The composition can be administered orally or parenterally during clinical administration and intraperitoneal injection, rectal injection, subcutaneous injection, intravenous injection, intramuscular injection, intrauterine dural injection, cerebrovascular injection or intrathoracic injection during parenteral administration. Can be administered by the general It can be used in the form of a pharmaceutical system. ^'

 The subject is a spinal cord animal, specifically a mammal, more specifically an experimental object such as a rat, a rabbit, a guinea pig, a hamster, a dog or a cat, and more specifically, an ape-like animal such as a chimpanzee or a gorilla. Can be.

Interference of expression of miR486 with miR486 expression inhibitors was demonstrated in NeuroD6. Since it was confirmed to induce improvement in spinal cord injury by restoring inhibition, the pharmaceutical composition comprising the _m iR486 inhibitor as an active ingredient can be usefully used for preventing or treating neurological diseases. In addition, the present invention

 1) treating the test substance to miR486 expressing cell line;

 2) measuring the expression level of miR486 of the cell line; and

 3) provides a method for screening a candidate substance for preventing and treating neurological diseases, including selecting a test substance whose expression level is reduced compared to a control group that does not process the test substance.

 As another way,

 1) treating the test substance to miR486 and NeuroD6 expressing cell line;

 2) measuring the amount of NeuroD6 expression in said cell line; and

 3) It provides a method for screening a candidate substance for preventing and treating neurological diseases, comprising selecting a test substance whose NeuroD6 expression amount is increased compared to a control group not treated with the test substance.

 Expression measurement of step 2) is RT-PCR, Quantitative or semi-Quentitative RT-PCR, Quantitative or semi-Quentitative real-time RT-PCR -PCR), Northern blot, and DNA or RNA chip may be measured using any one method selected from the group consisting of, but is not limited thereto.

Since miR486 gene is overexpressed in the spinal cord injury and miR486 is overexpressed to inhibit the expression of NeuroD6, the miR486 and NeuroD6 prevent neurological diseases and 1 can be used for screening therapeutic candidates.

The present invention also provides a kit for diagnosing a neurological disease comprising a nucleotide of the miR486 gene, a nucleotide having a sequence complementary to the nucleotide, or a fragment thereof.

 In addition, the present invention

 1) measuring the expression level of miR486 in a sample separated from the subject as an experimental group;

 2) comparing the expression level of miR486 of step 1) with the expression level of n] iR486 in a sample isolated from normal individuals as a control; And

 3) Provides a gene detection method for providing information for diagnosing neurological disease, comprising determining that the miR486 expression level of step 2) is higher than that of the control group.
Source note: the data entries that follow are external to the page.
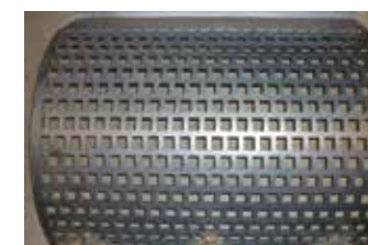
Grilles de calibrage interchangeables selon la taille de plaquettes souhaitée.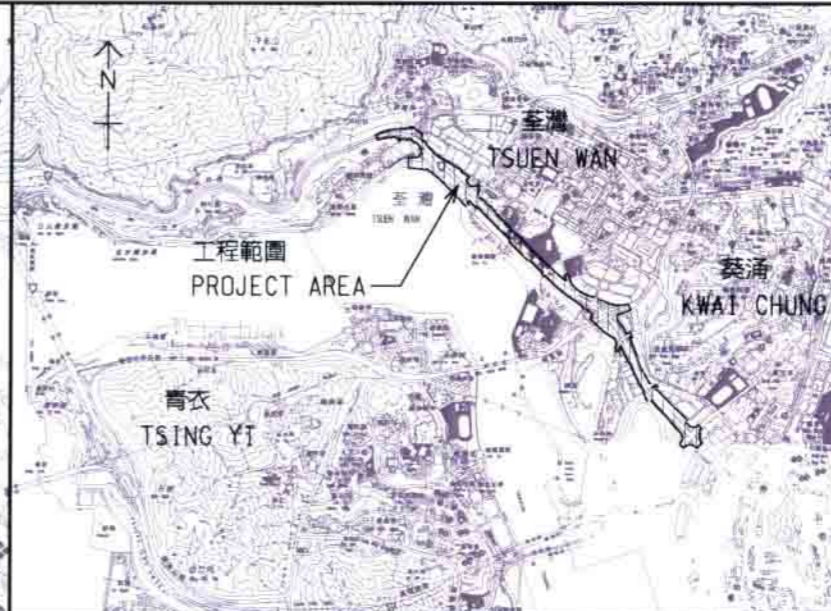
索引圖 KEY PLAN 比例 SCALE 1 : 50 000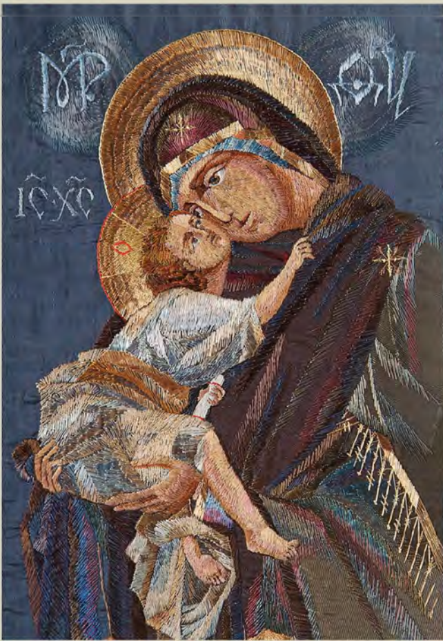
Гликофилуса. 2014. Аппликация, вышивка гладью 30x20

 In addition, the present invention

 1) measuring the expression level of miR486 in a sample separated from the subject as an experimental group;

 2) comparing the expression level of miR486 of step 1) with the expression level of miR486 of a sample isolated from a normal individual as a control; And

 3) When the miR486 expression level of step 2) is increased compared to the control group provides a method for diagnosing a neurological disease comprising the step of determining that the subject has a neurological disease. The nervous system diseases include spinal cord injury, Parkinson's disease, stroke, muscular dystrophy, scoliosis, motor nerve injury, peripheral nerve injury due to trauma, ischemic brain injury, neonatal hypoxic ischemic brain injury, cerebral palsy, epilepsy, refractory epilepsy, Alzheimer's disease. The disease may be one selected from the group consisting of congenital metabolic neurological disease and traumatic brain injury, but is not limited thereto.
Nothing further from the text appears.